Message from my mum: “Your dad is back from swimming and has some frogspawn. His friend had left it in the changing room for him.”
Message from mum: “We’ve got mice living here. Your dad’s not happy. They’ve stolen all the chocolate he hides under the sofa cushion.”
I’ve moved to a remote house in the Peak District and my dad, who is visiting me, has been out exploring the immediate surroundings. “I’VE MET EVERYONE AND I’VE GOT LOADS TO TELL YOU,” he says. “IF RICHARD COMES OVER WITH A RAM’S SKULL THAT’S FOR ME.” Later, driving me past some of the Derbyshire haunts, he spoke nostalgically about the county, and the biography of Napoleon that he was reading. “YOUR MUM WENT TO THAT CO-OP IN 1974 AND AN OLD MAN WET HIMSELF. IT’S NOT A CO-OP NOW. LOOK AT THOSE SHEEP. BRILLIANT. SEE THAT? NO BLOODY SIGNAL. THAT WAS THE OTHER THING ABOUT NAPOLEON. PUT YOUR LIGHTS ON, YOU IDIOT. HIS SOLDIERS USED TO CUT OPEN THEIR HORSES WHEN IT WAS COLD AND SLEEP INSIDE THEM. THINK YOURSELF LUCKY.” I told him I thought my new house might be haunted. “DON’T BE FUCKING RIDICULOUS,” he replied. “YOU’RE JUST LIKE YOU WERE WHEN YOU WERE EIGHT. GROW UP.”
Read about my dad and the toad who lived in his shoe here, plus more about him here and here.

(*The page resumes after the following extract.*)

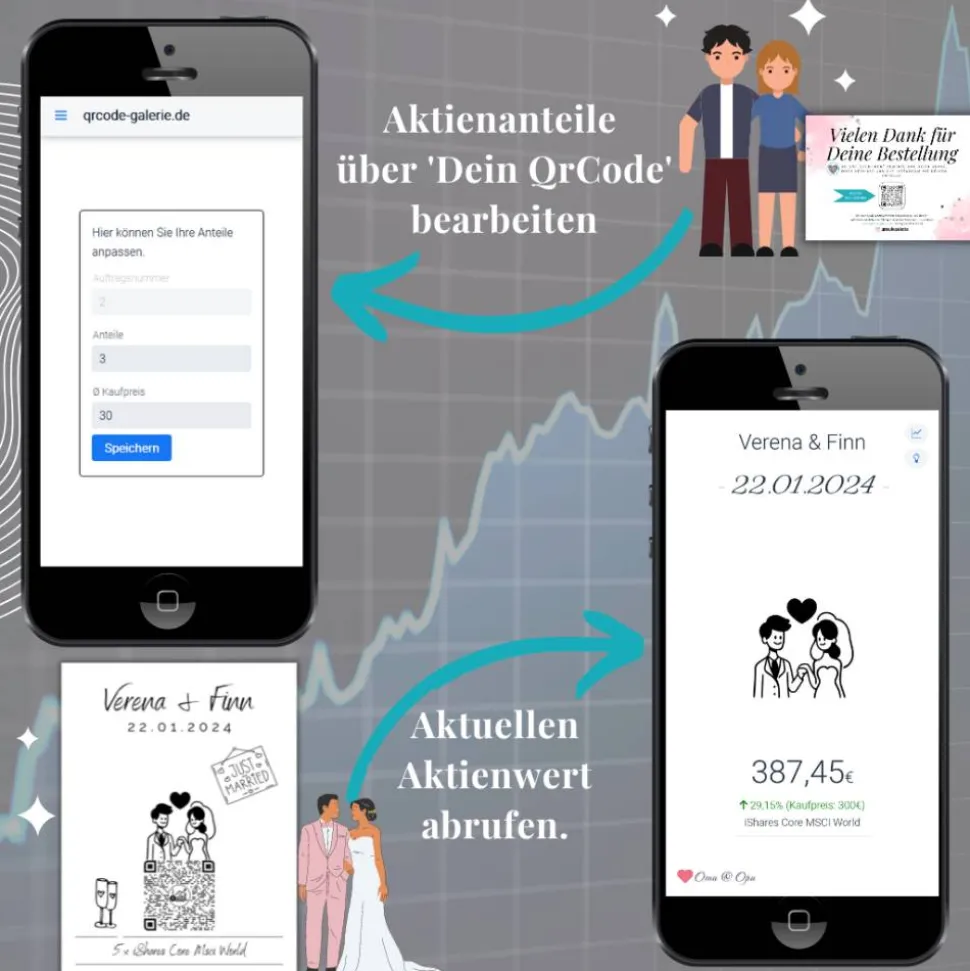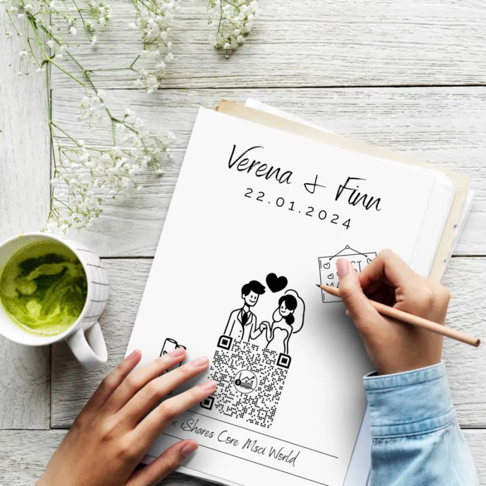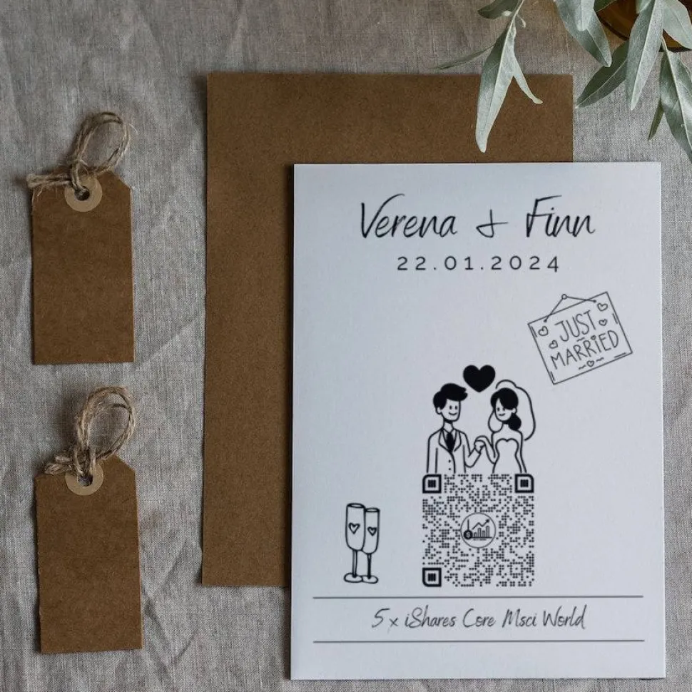 Aktiengeschenk Hochzeit | Personalisiertes Geldgeschenk | Aktie ETF Kryptowährung QrCode Geschenkkarte | Brautpaar

My non-fiction books 21st-Century Yokel, Ring The Hill and Notebook feature my dad quite heavily. All of them are available with free delivery from Blackwells.
The Bruegel Bridget painting is my favourite (one I own as a greeting card and will not send to anyone: I hope to frame it), partly because Bridget is in some ways the most successful of the hunters, also because Hunters in the Snow is one of my very favourite paintings full stop. These notes are delightful. Long may your Dad's FULL CAPS OBSERVATIONS continue.
Ah, yes, the old I-cut-my-finger-with-an-axe bit.
Long before I was born, my grandpa whacked off his thumb down to the knuckle with an axe.
He told my grandmother to go find the rest of his thumb in the wood pile so he could take it to the hospital and have it sewn back on, but she said no.
Due to the lack of thumbnail, by the time I was little, he was quite excellent at Got Your Nose and regularly horrified small children with it, first myself and later my own kids.
He was, all in all, a jovial and big-hearted man, and I miss him very much.